During an interview with Tuoi Tre (Youth) newspaper, Thong Khon, Cambodian Minister of Tourism, stated that visitors to Thailand still outnumber those to Cambodia due to the former’s strengths in terms of attractions and infrastructure.

Such differences should not affect the interests that the Cambodian economy and people could benefit from any possible cooperation with Thailand, the minister asserted.

Beyond tourist sector’s control

Vietnam has not been able to set up a joint visa with any nations in the bloc as such cooperation cannot be decided by the tourist sector alone but requires coordination among relevant agencies, Nguyen Van Tuan, general director of the Vietnam National Administration of Tourism (VNAT), explained.

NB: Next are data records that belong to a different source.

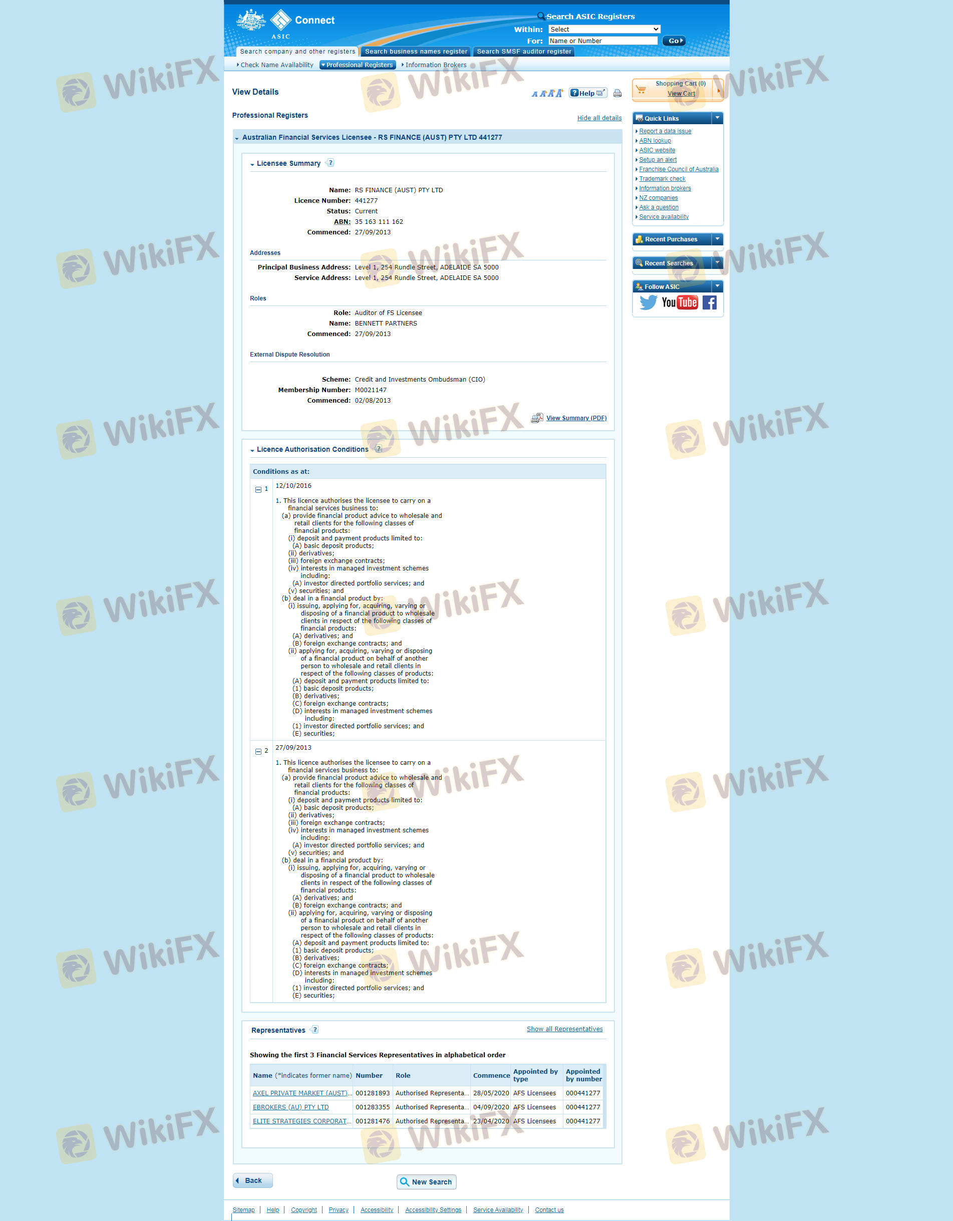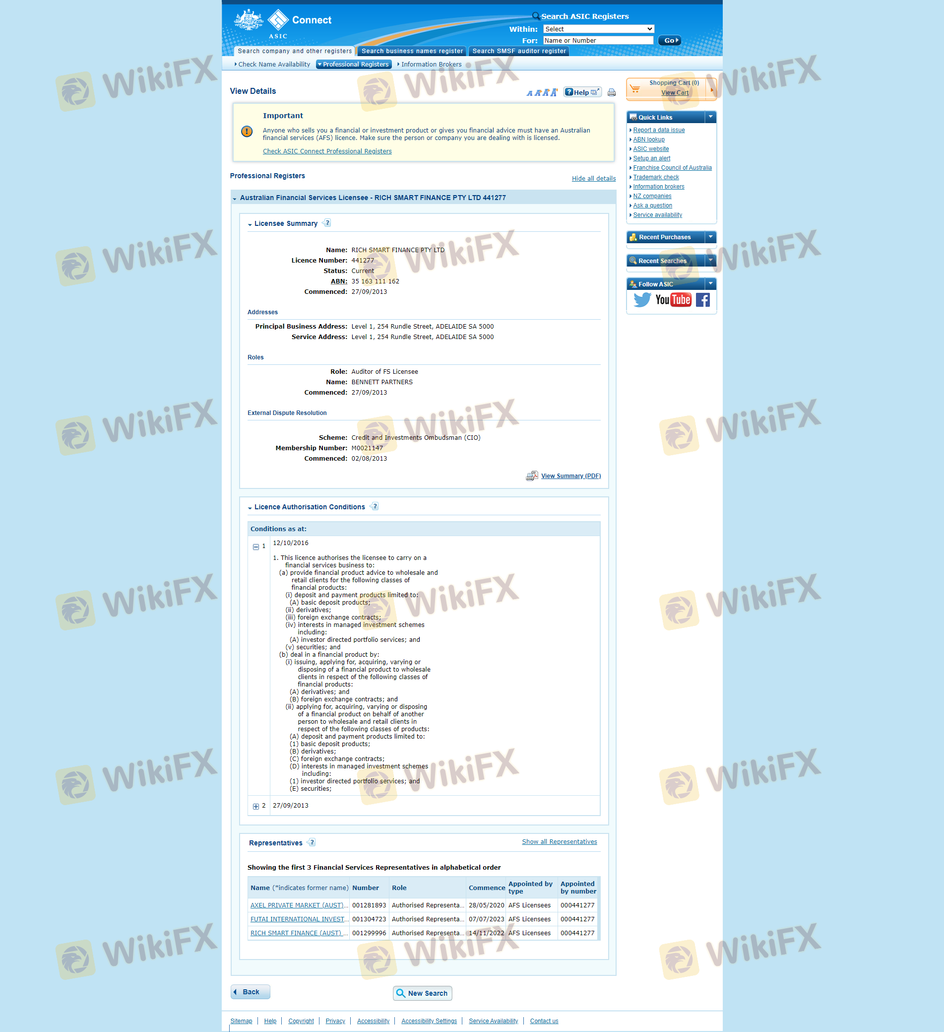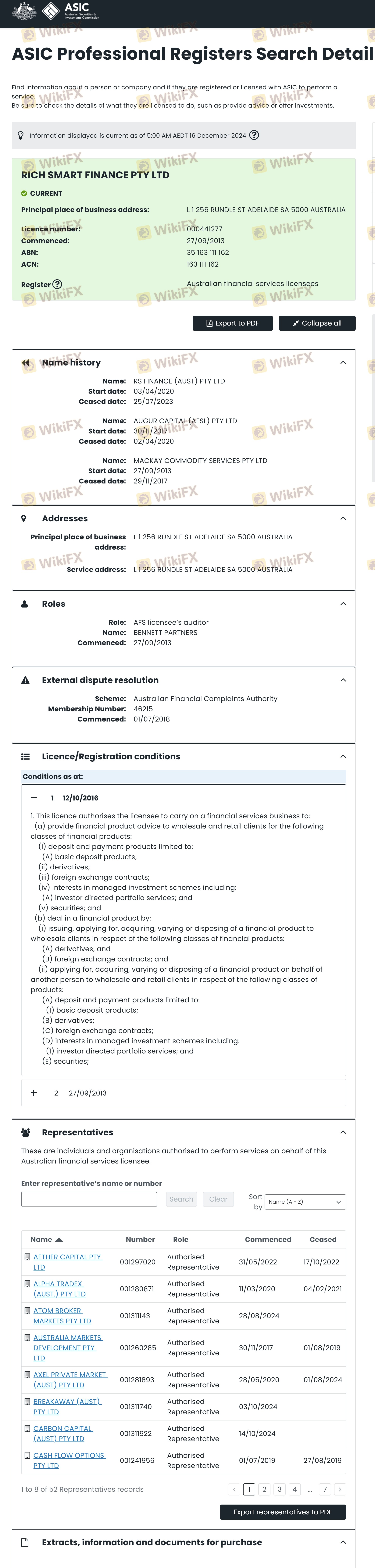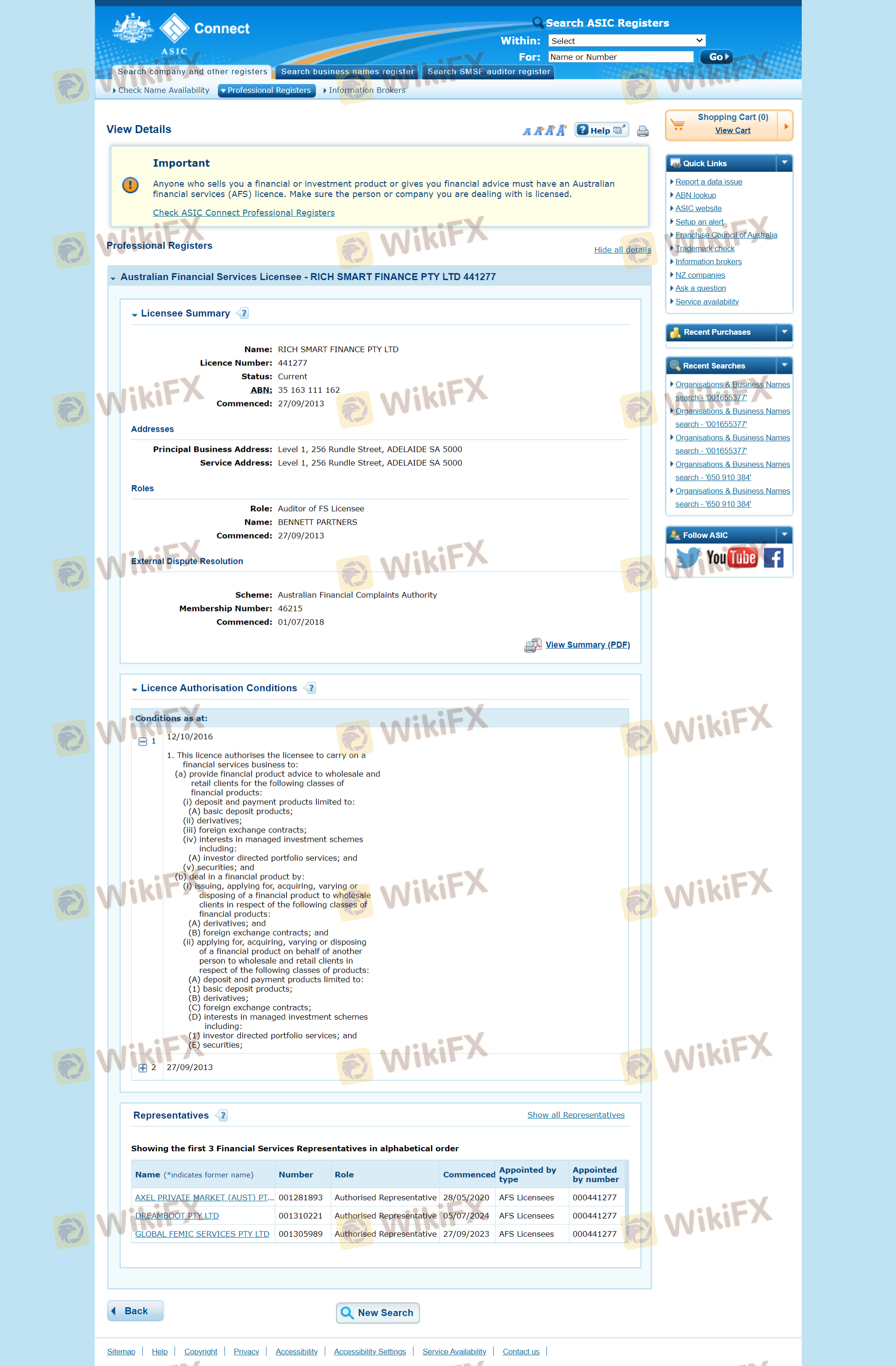Salah satu faktor paling kritis dalam menentukan apakah Rock Shield Capital pasars aman adalah status regulasinya. Regulasi berfungsi sebagai langkah perlindungan bagi para trader, memastikan bahwa broker mematuhi standar industri dan menjaga transparansi dalam operasinya. Rock Shield Capital pasars beroperasi dengan nama bisnis Rich Smart Finance dan diatur oleh Australian Securities and Investments Commission (ASIC), yang dikenal dengan kerangka regulasinya yang ketat.
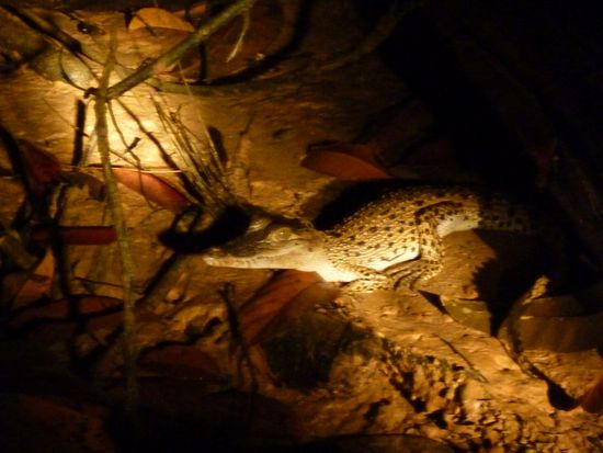 Abends machten wir eine tolle Bootsfahrt ueber den dunklen Fluss und sahen ab und zu rote Augen...das waren dann Krokodile. Zum Glueck kleine suesse.
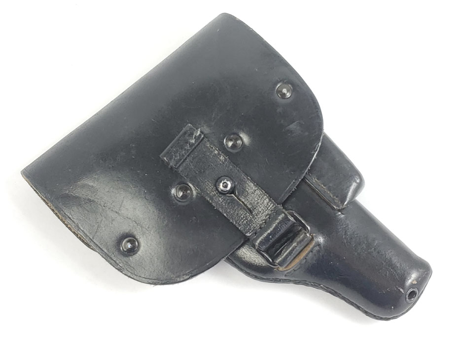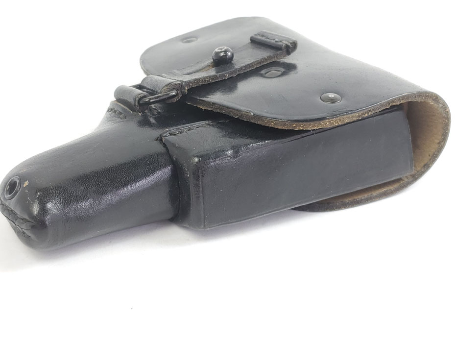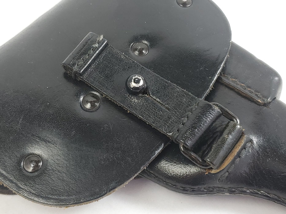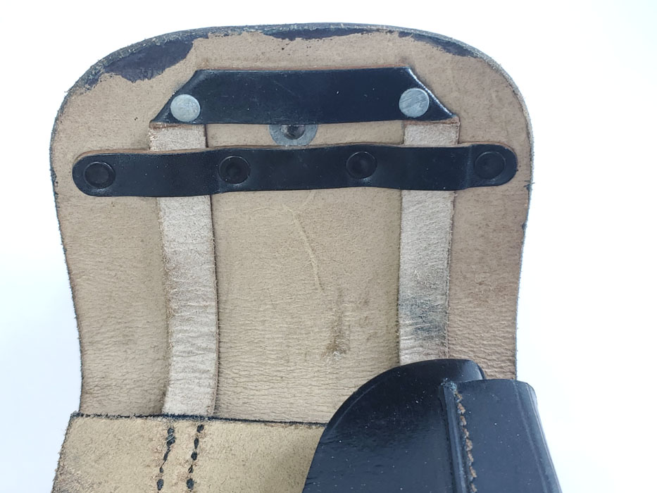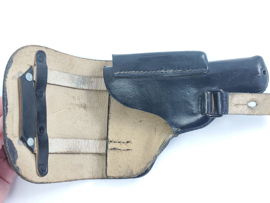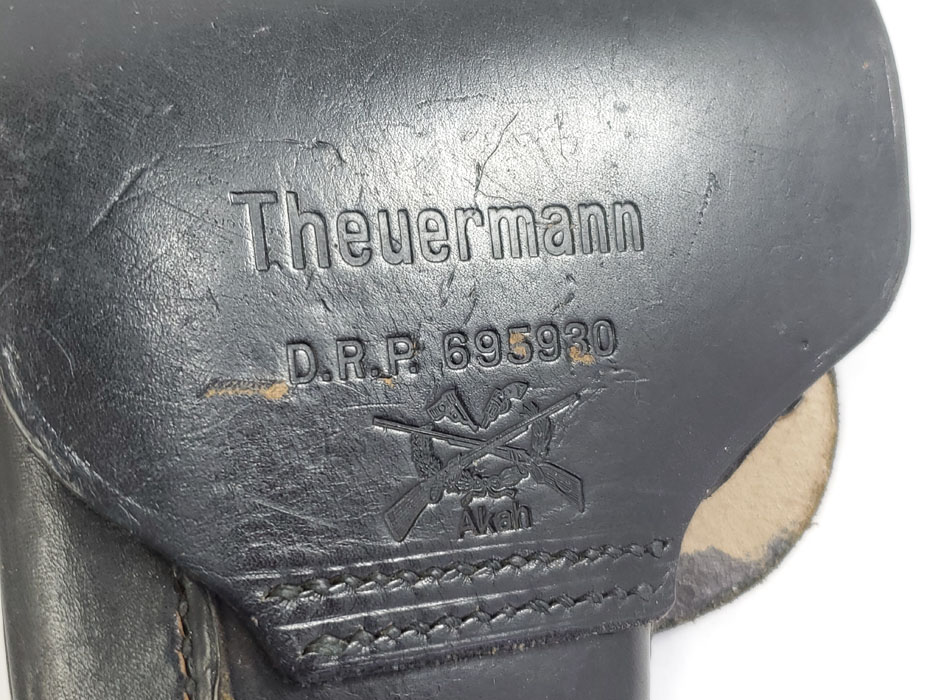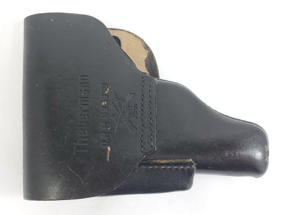 5/21/20 – This is a very rare and desirable Theuermann Walther PPK holster. The holster is considered a “Type 1”, which is the earlier style (and more desirable). This is due to the interior lift straps on the holster. These holsters are often seen & associated with SS Walther PPK pistols, because they were the first black leather specialty PPK holsters. The holster is in beautiful condition as well with gorgeous interior leather and no notable issues. All original black stitching in tact as well. Great collector holster.
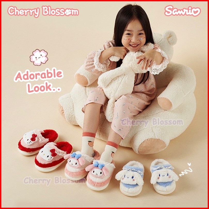 Ready Cherryblossom Mimi Fluffu - Sandal Anak Import Original Sanrio Cinnamon Roll My Melody Empuk Slip Rumah Premium
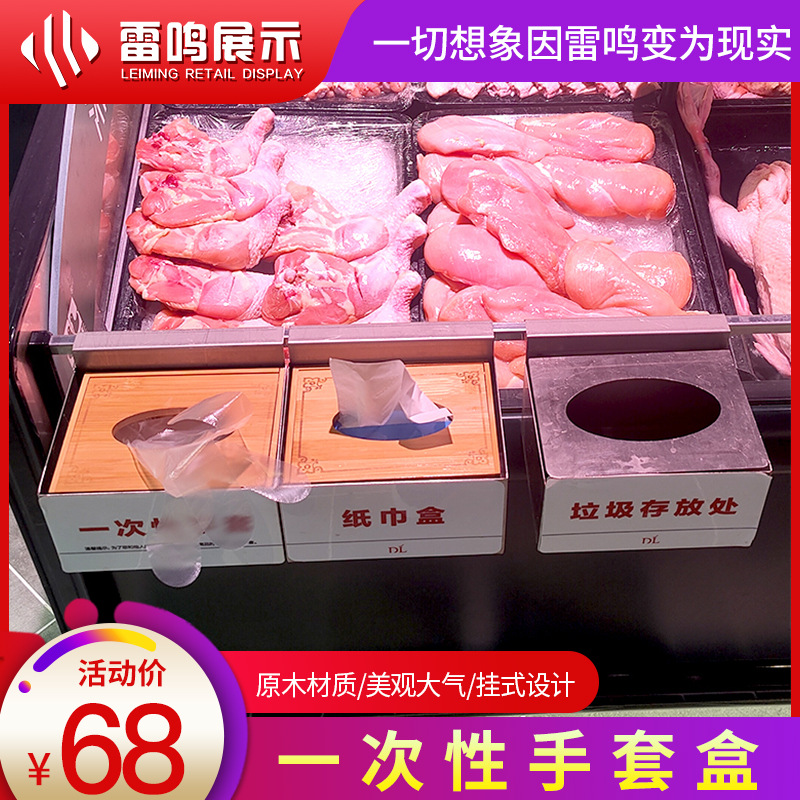 【雷鳴 _ 商超冷凍庫棚陳列使い捨てグローブボックス】吊り下げ式スタンド木箱ゴミ箱セット
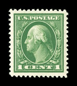 621 nhu 405 image#405, 1c Green, wonderfully well centered within lavishly large margins, sumptuously rich color and a well defined impression on fresh white paper, unblemished o.g., n.h., extremely fine; a lovely large-margined gem; 2000 PF certificate and a 2005 PSE certificate (XF-Superb 95 Jumbo; SMQ $235.00 for 95 and $840.00 for 98). (Image) $16.00
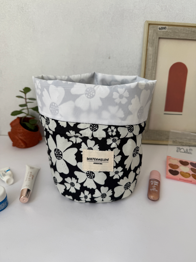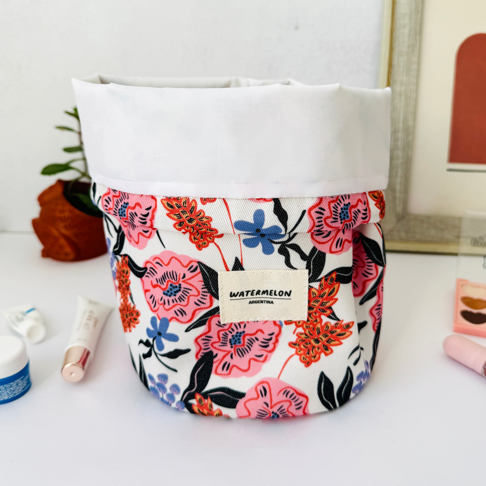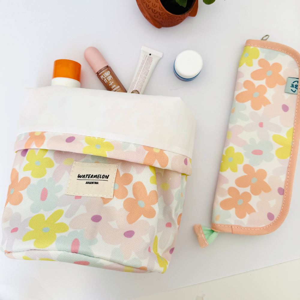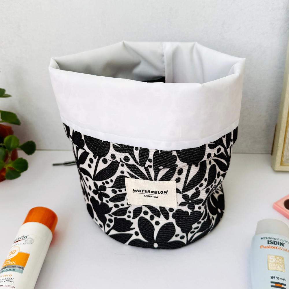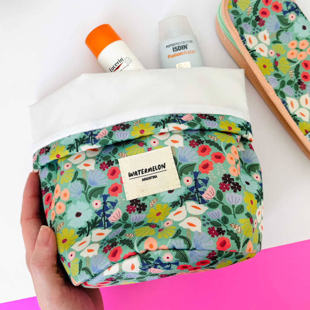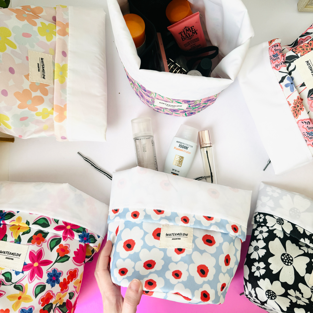 Cuenta con cordón ajustable para cerrarlo fácilmente, interior de tela impermeable con separadores organizadores y exterior de tela super resistente y liviana en todas nuestras estampas 🍉❤️
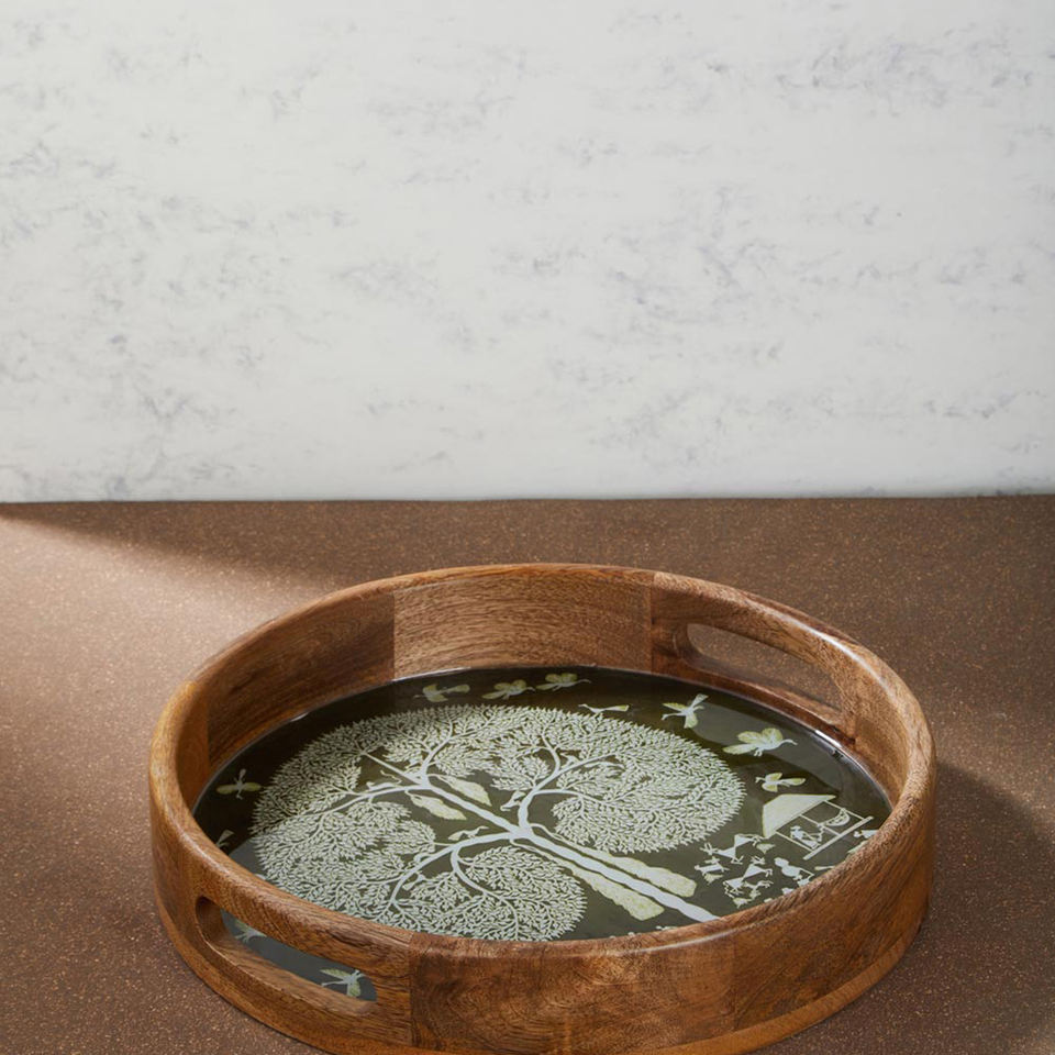 Plateau rond en bois et métal de la collection royale avec poignée Plateau de service en bois le plus vendu en gros de service en bois naturel

“Former Prime Minister Nguyen Tan Dung previously tasked the Ministry of Culture, Sports, and Tourism, the Ministry of Public Security, and the Ministry of Foreign Affairs with considering the issue of a joint visa with Thailand and Cambodia,” Tuan said.

According to Le Tuan Anh, deputy director of the International Cooperation Department under the VNAT, the application of a common visa would increase the number of tourists to the bloc.

“The lack of such type of admission is a huge obstacle to regional tourism and should be removed,” Anh said. 

As each nation has its own vision and objective, the members need to be more proactive to reach an agreement in order to provide tourists with the best conditions, the official added.

Nguyen Quoc Ky, general director of the Viettravel tourist company, tourists tend to combine many destinations in one journey, which would be easier to undertake with a joint visa.

If Vietnam does not catch up with the new trend, local tourism will fall behind, Ky warned.